TASK ITEM = Wherever pictures appear in the listing below, leave them out, and copy exactly, and only, everything from the line with "银贝925银蝴蝶项链女高级感蝴蝶结百搭颈链情人节礼物" down to the line with "Сверху рулет посыпать".

SUPPLIED RECORDS =
============
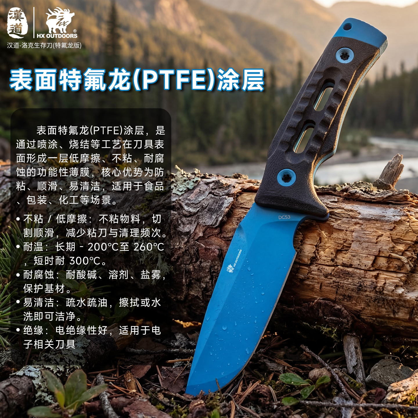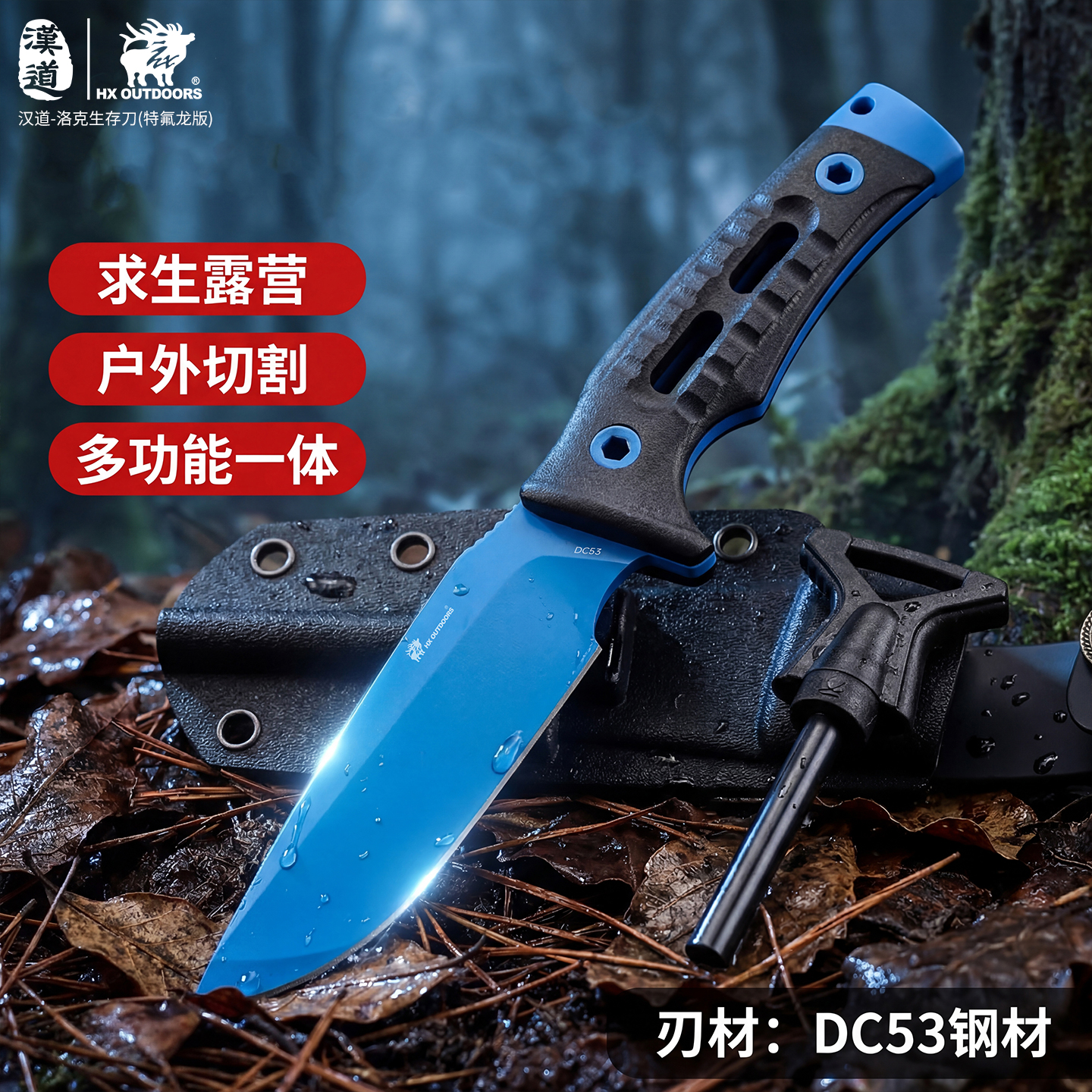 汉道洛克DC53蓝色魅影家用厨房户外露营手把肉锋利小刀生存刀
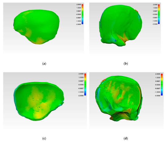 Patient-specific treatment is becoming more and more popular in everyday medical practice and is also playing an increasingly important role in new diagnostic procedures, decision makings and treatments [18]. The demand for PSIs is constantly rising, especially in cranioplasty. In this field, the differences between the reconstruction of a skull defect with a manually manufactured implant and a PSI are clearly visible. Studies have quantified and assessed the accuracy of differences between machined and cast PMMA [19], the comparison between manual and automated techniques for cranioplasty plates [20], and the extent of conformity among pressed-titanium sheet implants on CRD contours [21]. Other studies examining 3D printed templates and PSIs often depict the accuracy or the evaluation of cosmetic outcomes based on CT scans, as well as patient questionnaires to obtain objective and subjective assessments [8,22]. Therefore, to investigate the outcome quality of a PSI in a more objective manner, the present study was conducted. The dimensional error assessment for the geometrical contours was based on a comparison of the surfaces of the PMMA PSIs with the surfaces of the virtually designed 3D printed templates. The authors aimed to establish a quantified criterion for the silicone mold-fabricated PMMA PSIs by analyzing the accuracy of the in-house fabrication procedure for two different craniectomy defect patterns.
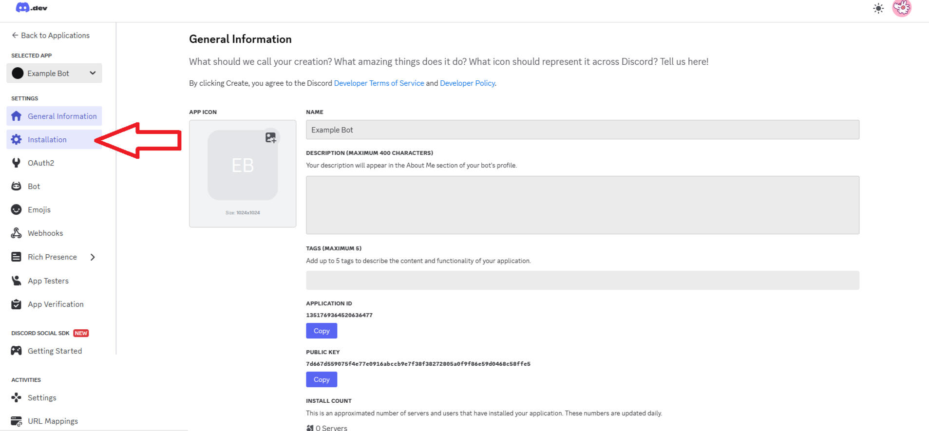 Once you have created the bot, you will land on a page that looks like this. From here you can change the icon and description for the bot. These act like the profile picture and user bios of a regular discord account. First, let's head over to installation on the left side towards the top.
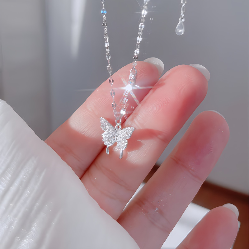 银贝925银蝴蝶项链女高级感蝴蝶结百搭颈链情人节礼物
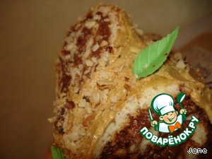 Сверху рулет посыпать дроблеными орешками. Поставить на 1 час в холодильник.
============
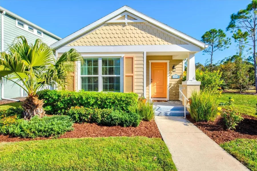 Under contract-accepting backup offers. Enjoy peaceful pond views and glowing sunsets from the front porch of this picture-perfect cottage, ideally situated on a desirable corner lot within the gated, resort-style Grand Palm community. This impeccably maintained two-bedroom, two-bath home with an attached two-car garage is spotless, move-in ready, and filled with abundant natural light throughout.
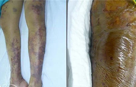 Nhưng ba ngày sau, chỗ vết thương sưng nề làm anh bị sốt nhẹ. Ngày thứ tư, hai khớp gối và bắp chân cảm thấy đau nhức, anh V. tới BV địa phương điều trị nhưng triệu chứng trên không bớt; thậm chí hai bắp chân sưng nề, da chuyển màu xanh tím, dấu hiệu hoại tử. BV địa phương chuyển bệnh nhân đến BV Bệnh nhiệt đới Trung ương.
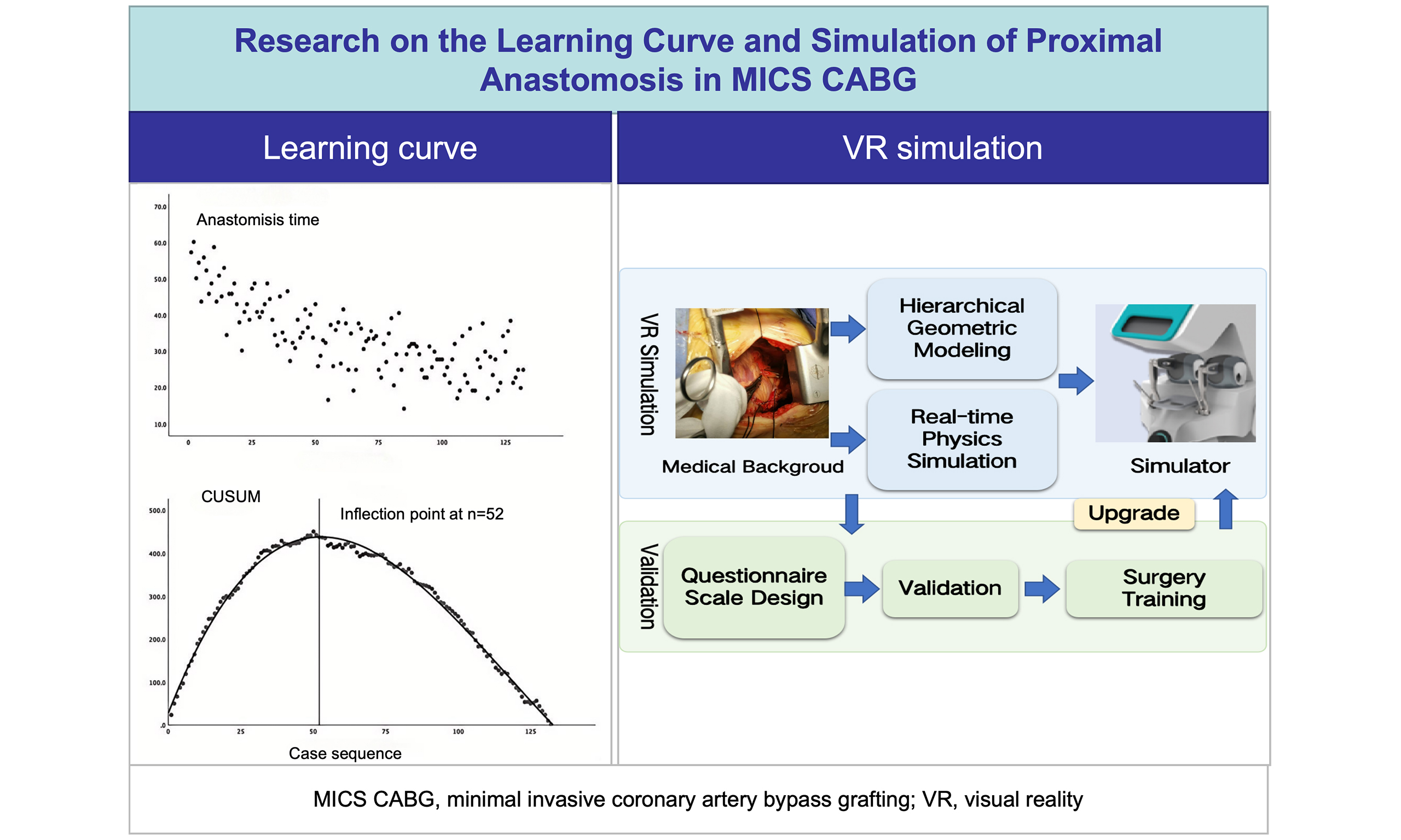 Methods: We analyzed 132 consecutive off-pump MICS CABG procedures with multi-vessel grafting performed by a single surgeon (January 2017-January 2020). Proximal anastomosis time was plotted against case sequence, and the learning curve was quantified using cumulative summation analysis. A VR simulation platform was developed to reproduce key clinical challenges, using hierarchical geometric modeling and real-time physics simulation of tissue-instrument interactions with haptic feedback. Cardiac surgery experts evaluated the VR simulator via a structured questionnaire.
============
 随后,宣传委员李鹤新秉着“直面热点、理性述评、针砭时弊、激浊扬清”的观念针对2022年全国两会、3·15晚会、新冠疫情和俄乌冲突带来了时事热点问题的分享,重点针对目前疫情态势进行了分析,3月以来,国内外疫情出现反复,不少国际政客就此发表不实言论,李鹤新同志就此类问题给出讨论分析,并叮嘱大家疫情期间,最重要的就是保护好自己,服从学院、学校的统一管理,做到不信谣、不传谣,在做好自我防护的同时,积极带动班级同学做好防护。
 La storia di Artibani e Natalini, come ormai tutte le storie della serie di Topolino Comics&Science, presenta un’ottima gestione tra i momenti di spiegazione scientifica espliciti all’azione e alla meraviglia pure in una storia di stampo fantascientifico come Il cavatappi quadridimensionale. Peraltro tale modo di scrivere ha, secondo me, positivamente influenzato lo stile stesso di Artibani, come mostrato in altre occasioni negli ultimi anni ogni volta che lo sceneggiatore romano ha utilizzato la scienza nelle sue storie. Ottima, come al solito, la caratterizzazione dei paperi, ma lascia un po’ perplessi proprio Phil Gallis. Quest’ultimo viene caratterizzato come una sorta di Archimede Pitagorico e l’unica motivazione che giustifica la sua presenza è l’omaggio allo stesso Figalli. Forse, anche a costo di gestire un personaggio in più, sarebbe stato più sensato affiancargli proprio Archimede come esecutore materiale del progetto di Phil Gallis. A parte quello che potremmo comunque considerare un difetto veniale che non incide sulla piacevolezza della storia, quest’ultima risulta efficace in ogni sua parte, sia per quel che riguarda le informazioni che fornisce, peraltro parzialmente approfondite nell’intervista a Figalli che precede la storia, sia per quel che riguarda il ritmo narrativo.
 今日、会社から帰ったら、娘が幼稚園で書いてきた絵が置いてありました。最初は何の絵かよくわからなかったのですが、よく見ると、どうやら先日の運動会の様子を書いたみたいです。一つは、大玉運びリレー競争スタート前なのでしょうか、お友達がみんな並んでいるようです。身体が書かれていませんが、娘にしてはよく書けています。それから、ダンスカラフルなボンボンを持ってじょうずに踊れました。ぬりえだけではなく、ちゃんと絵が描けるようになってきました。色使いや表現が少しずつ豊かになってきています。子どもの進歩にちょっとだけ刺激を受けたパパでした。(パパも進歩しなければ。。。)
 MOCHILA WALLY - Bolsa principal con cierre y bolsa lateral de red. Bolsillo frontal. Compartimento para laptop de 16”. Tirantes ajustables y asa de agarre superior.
============
SOLUTION TO THIS EXERCISE =
 银贝925银蝴蝶项链女高级感蝴蝶结百搭颈链情人节礼物
 Сверху рулет посыпать дроблеными орешками. Поставить на 1 час в холодильник.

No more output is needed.